Amazon abandona o Android e lança o Vega baseado em Linux

A Amazon acaba de fazer uma jogada importante, um movimento ousado, anunciando o lançamento do Vega OS, baseado em Linux para seus dispositivos Fire TV, no lugar do Fire OS, derivado do Android.

Este passo marca uma tentativa clara da Amazon de reduzir sua dependência do Android, em uma estratégia que pode ter grandes repercussões no mercado de dispositivos de streaming e mídia.

A Revolução do Fire TV

A Amazon tem sido uma força dominante em diversos setores tecnológicos. Sua plataforma de e-commerce continua sendo a maior varejista online do mundo, enquanto o Amazon Web Services (AWS) é responsável por uma parte significativa da infraestrutura da internet moderna.

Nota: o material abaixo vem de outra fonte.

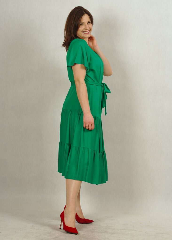 Perfekcyjnie dopracowane szczegóły, takie jak: dekolt w serek, piękny krótki rękawek “motylek” oraz dwie falbany dodają lekkości i elegancji każdej stylizacji, w której występuje ta sukienka.
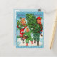 Cette carte de Noël vintage très brillante et colorée rappelle à un de leurs jeunes que nous voyons des enfants heureux et joyeux ramener le sapin de Noël à la maison après l'avoir coupé dans la forêt. Réimprimé ici sur cette carte postale de vacances.
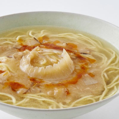 フカヒレ姿入りの特製あんかけは、山海の幸を合わせた複層的な風味でとろりと細麺に絡みます。スープは魚介メインの塩味ベース。チキンやポークの旨みも加え、あっさりしながら深みのある味わいに。ホタテなどを使って手作りする万能調味料「XO醤」は、ちょい足しするだけで絶妙な旨み&辛みが加わります。
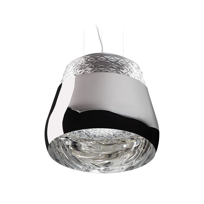 ペンダント照明「Valentine(バレンタイン)」のシェードは、クリスタルガラスと金属の異素材を組み合わせて構成されています。シェード外部に用いられたクリスタルガラスからは、点灯時に優しい光を放ちます。シェード内部のクリスタルに施された無数の花のパターンが、ベースのミラーに映り込むことで、より立体的に浮かび上がり、不思議な世界観が広がります。
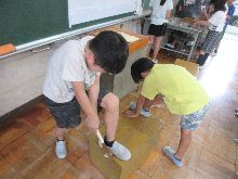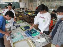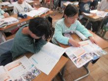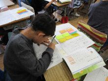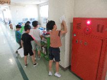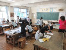 算数の授業で、2年生が三角定規を使って直角を、4年生は学校の中にある四角形(※写真は消火栓の箱)を探していました。学習内容が系統的に組まれており、既習事項を活かして問題解決が自力でできる算数の特性が表れていました。5年生が図工で掘り進み版画を進めています。今後は自分たちで活動できるように、作業の場所やインクの出し方の確認をみんなで行いました。彫刻刀という専門的な道具を使います。安全で正しい使い方をマスターし、素敵な作品作りに努めてほしいと思います。授業が終わった後に先生を追いかけてきて廊下で質問をする6年生がいました。授業中でなくとも疑問に思ったことを自主的に解決しようと行動できる姿が立派でした。1年生が全員で音読をしました。姿勢よく、間違えずに読めたのは、毎日家庭での音読を頑張っている証です。「継続は力なり」ですね。3年生が国語でインタビューをした先生たちにお礼の手紙を書いていました。きちんと礼をわきまえた手紙を書くのは初めてですが、丁寧な内容を丁寧な字で一生懸命書いていました。
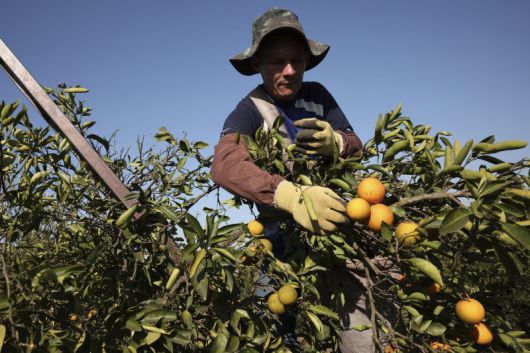 브라질 상파울루주 리메이라의 농장에서 한 농민이 오렌지를 수확하고 있다. AP 뉴시스 |
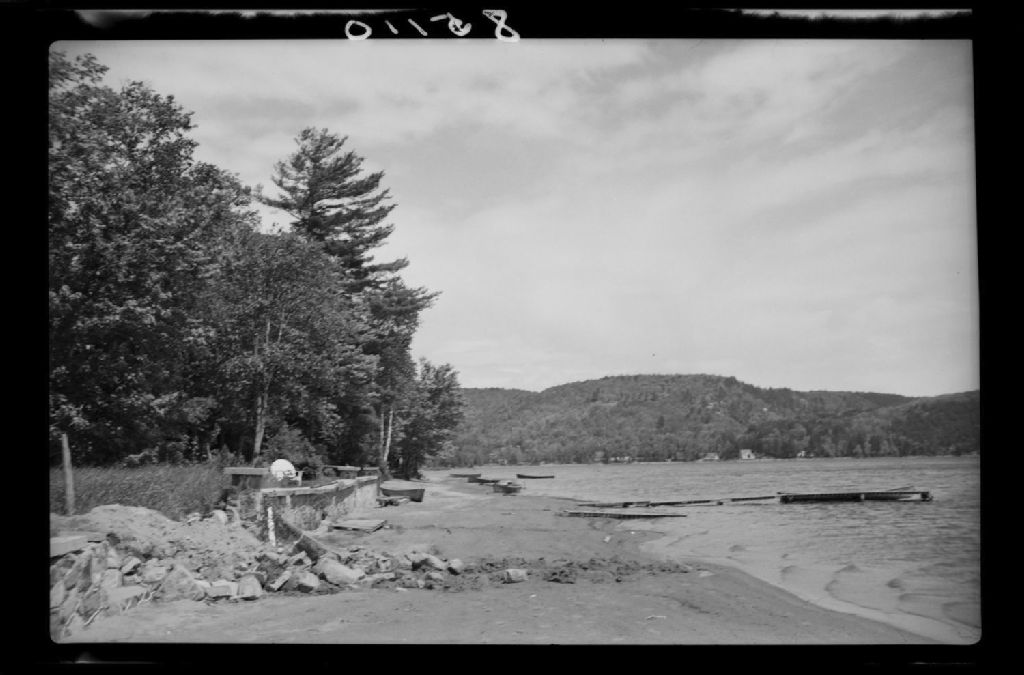 Lac Achigan et ses rives. Lac Achigan, 1951, Archives nationales à Québec, Fonds Ministère de la Culture et des Communications, (03Q,E6,S7,SS1,D2,P85110), Charles-Edmond Deslauriers.
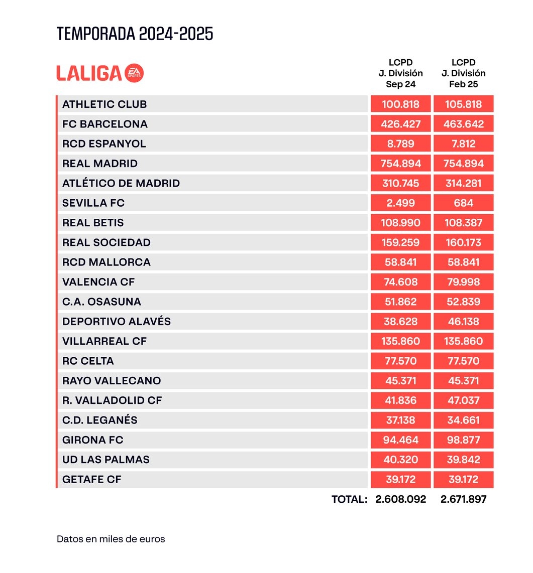 西甲官方在冬窗后更新了更新的各隊(duì)工資帽,皇馬7.55億歐居首,巴薩4.64億歐第二。

Além de sua presença forte no mercado de software e serviços, também é uma importante competidora no segmento de hardware, com o Fire TV sendo um dos seus produtos de maior sucesso.

O Fire TV sempre foi alimentado por uma versão modificada do Android, o Fire OS, que trouxe a plataforma para o centro das atenções com uma combinação de preços agressivos e integração direta com o serviço de streaming Prime Video. Com o Vega OS, a Amazon busca uma alternativa mais independente e customizada para seus produtos.

E esse tal de Vega OS?

O Vega OS é o novo sistema operacional oficialmente apresentado junto com o Fire TV Stick 4K Select, o primeiro a utilizá-lo. A empresa o desenvolveu com base em componentes do Linux, embora os detalhes técnicos ainda sejam escassos.

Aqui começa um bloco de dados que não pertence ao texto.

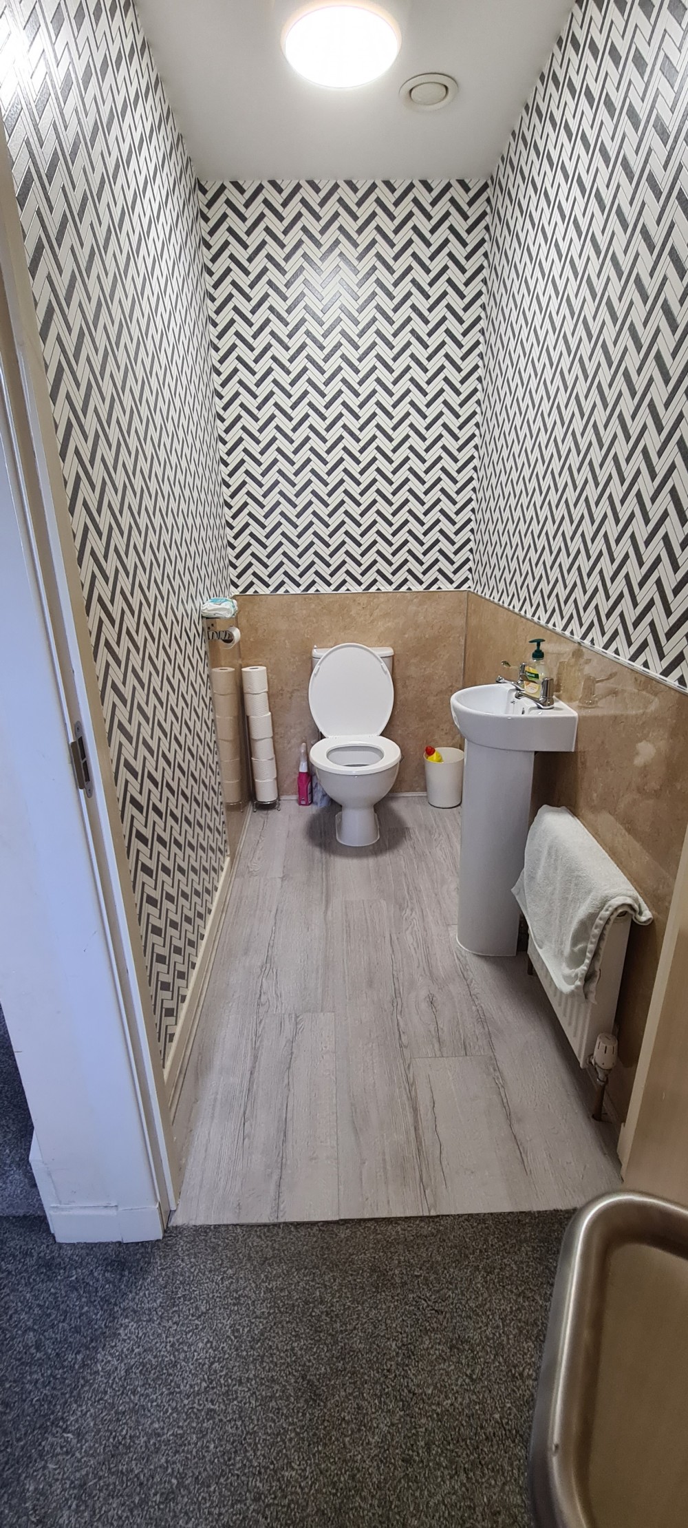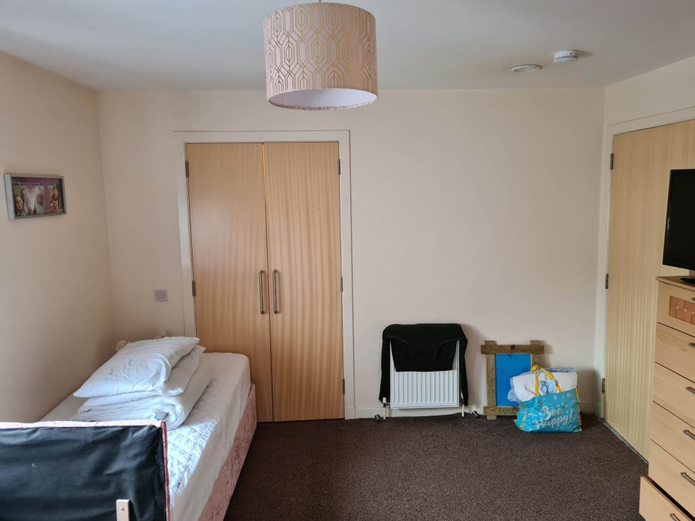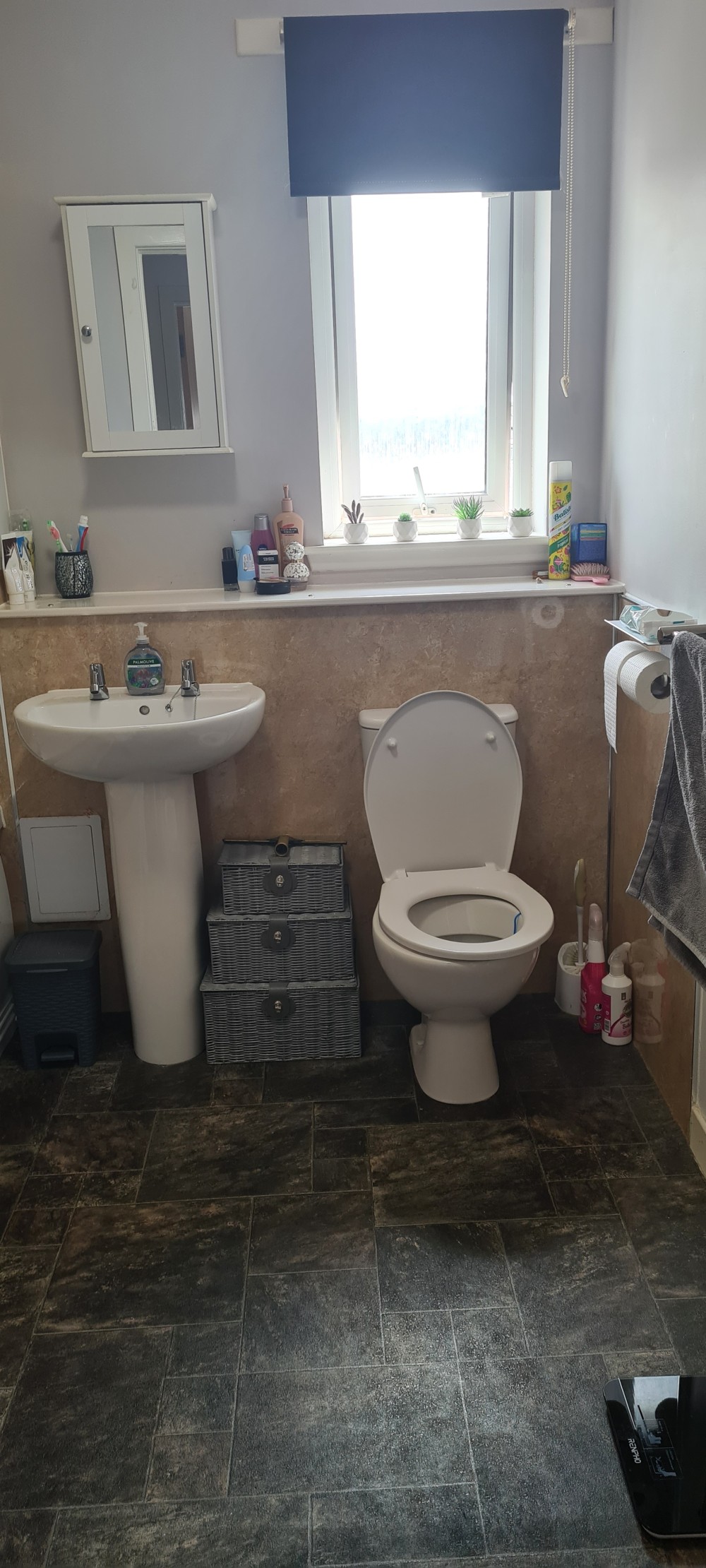 *6 year old house* Bedroom 1: very big with 2 built in wardrobes- 1 of them walk in, Bedroom 2: good size with 1 built in wardrobe, bathroom upstairs and downstairs toilet with sink. Very large kitchen with big storage cupboard and big private back garden all fenced off. Parking outside livingroom window.
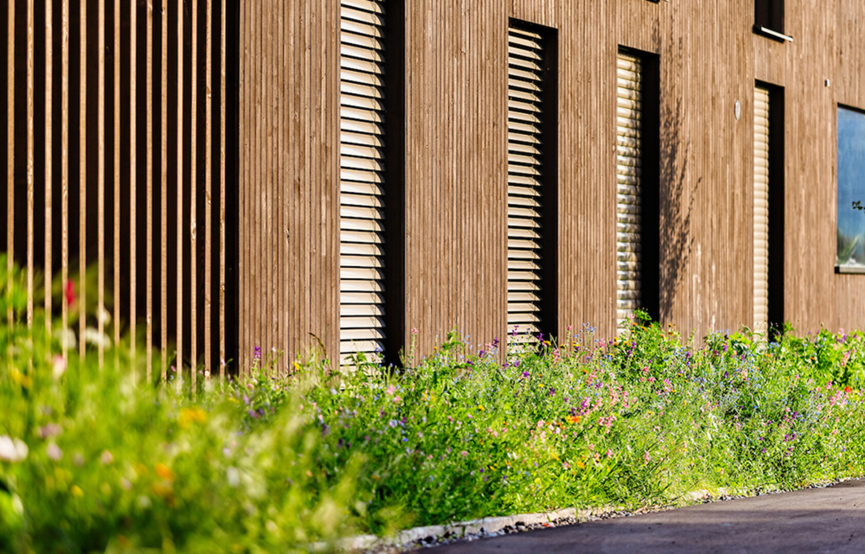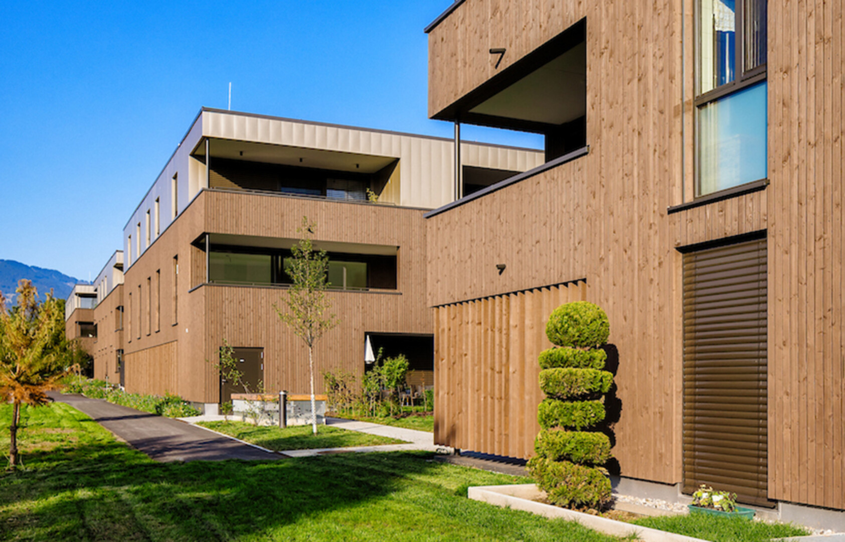 Die verschiedenen Materialisierungen der Fassade bilden einen sanften Kontrast. Im Erdgeschoss und 1. Obergeschoss wird eine Fassadenverkleidung aus Holz mit vertikalen Latten realisiert, das Dachgeschoss wird hingegen mit einer Verkleidung aus Colorblech versehen. Die gemeinsame Tiefgarage, Kellerabteile, Fahrradabstellräume und ein Kinderspielplatz runden das komfortable Wohnkonzept ab.

A Amazon o descreve como “altamente responsivo, com uma pegada eficiente, permitindo o rápido lançamento de aplicativos e uma navegação suave”. Um dos seus aspectos notáveis é o uso de pouca RAM. O Fire TV Stick 4K Select, por exemplo, funciona com apenas 1 GB, metade da usada nos modelos anteriores do Fire TV 4K.

Para os desenvolvedores, lançou ferramentas para desenvolvimento de aplicativos que oferece suporte ao React Native 0.72, e tecnologias da web, por meio do Vega WebView, permitindo que reutilizem códigos existentes, sem reinventarem a roda.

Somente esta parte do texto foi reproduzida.